There are several issues here, which may not feel important at first but over time will cloud the (already quite nuanced) picture.
First of all, you're conflating structures, theories, and languages. In increasing order of complexity:
A language (also called a signature or vocabulary) is a set of non-logical symbols, such as $\{\in\}$ or $\{+,\times,0,1,<\}$.
A theory is a set of first-order sentences, and for a language $\Sigma$ a $\Sigma$-theory is a theory consisting of sentences in the language $\Sigma$ - e.g. $\mathsf{ZFC}$ is an $\{\in\}$-theory and first-order $\mathsf{PA}$ is an $\{+,\times,0,1,<\}$-theory.
A structure in a given language is a set together with an interpretation of the various symbols in that language in a precise sense.
Whether or not a particular string of symbols is a wff depends only on the language involved, not on what axioms we're considering nor on what structure (if any) we're specifically focusing on. $\mathsf{CH}$ is a wff in the language $\{\in\}$. What the empty $\{\in\}$-theory (your "$S$") can't do is prove basic things about $\mathsf{CH}$ and related sentences.
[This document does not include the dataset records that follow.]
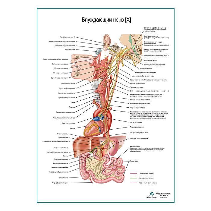 Блуждающий нерв (X). Схема плакат глянцевый А1+/А2+
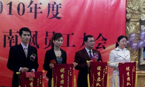 大会对广东南枫在2009年中工作表现优异的优秀团队和个人进行了表彰。评优中,广东南枫天河分公司、第一分部、花都分部和财务部共四个团队以突出的工作表现和优秀的成绩荣获了广东南枫2010年优秀团队奖。随后,公司还颁发了业务明星、优秀新人奖以及服务明星等优秀个人奖项。优秀个人代表纷纷上台表述心声,表示在2010年将以更加饱满的热情投入到工作中,为广东泛华南枫的发展做出更多的贡献。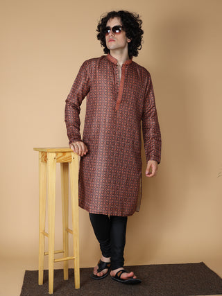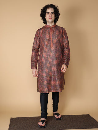 MAAHI FABS Men's Peach Jacquard Kurta Pajama Set

So $S$ can talk about $\mathsf{CH}$, it just doesn't have much to say. This issue is implicit in $(1)$ and $(2)$, and explicit in $(3)$.
Now on to the more subtle point: truth and falsity. The satisfaction relation $\models$ connects structures and sentences/theories, with "$\mathcal{A}\models\varphi$" (resp. "$\mathcal{A}\models\Gamma$") being read as "$\varphi$ is true in $\mathcal{A}$" (resp. "Every sentence in $\Gamma$ is true in $\mathcal{A}$"). But we use the term "true" only in this context; when talking about theories, the relevant term is provable.
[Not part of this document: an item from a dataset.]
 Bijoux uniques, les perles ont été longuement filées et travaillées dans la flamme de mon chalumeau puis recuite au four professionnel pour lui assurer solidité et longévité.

The main reason for reserving terms like "true" and "false" for structures as opposed to theories is that the standard properties of truth such as bivalence only hold of truth-in-a-structure, not provability-in-a-theory. By separating the terms we make it easier to be precise and avoid subtle errors. This is an issue in your point $(3)$, where truth and provability get mixed up. In particular, the statement
CH is true xor false in ZFC in this very moment, we just don't know and we just will never know
doesn't parse.
OK, unfortunately you will find people say that things are true/false in $\mathsf{ZFC}$. The connection is that a sentence is provable in a theory $T$ iff it is true in all models of $T$, so this isn't totally unjustified. But this is an abuse of terminology, and should be avoided until the fundamentals of the topic are mastered.
After shifting from truth to provability, point $(4)$ then is correct with one slight additional hypothesis: assuming $\mathsf{ZFC}$ is consistent in the first place, both $\mathsf{ZFC+CH}$ and $\mathsf{ZFC+\neg CH}$ are consistent.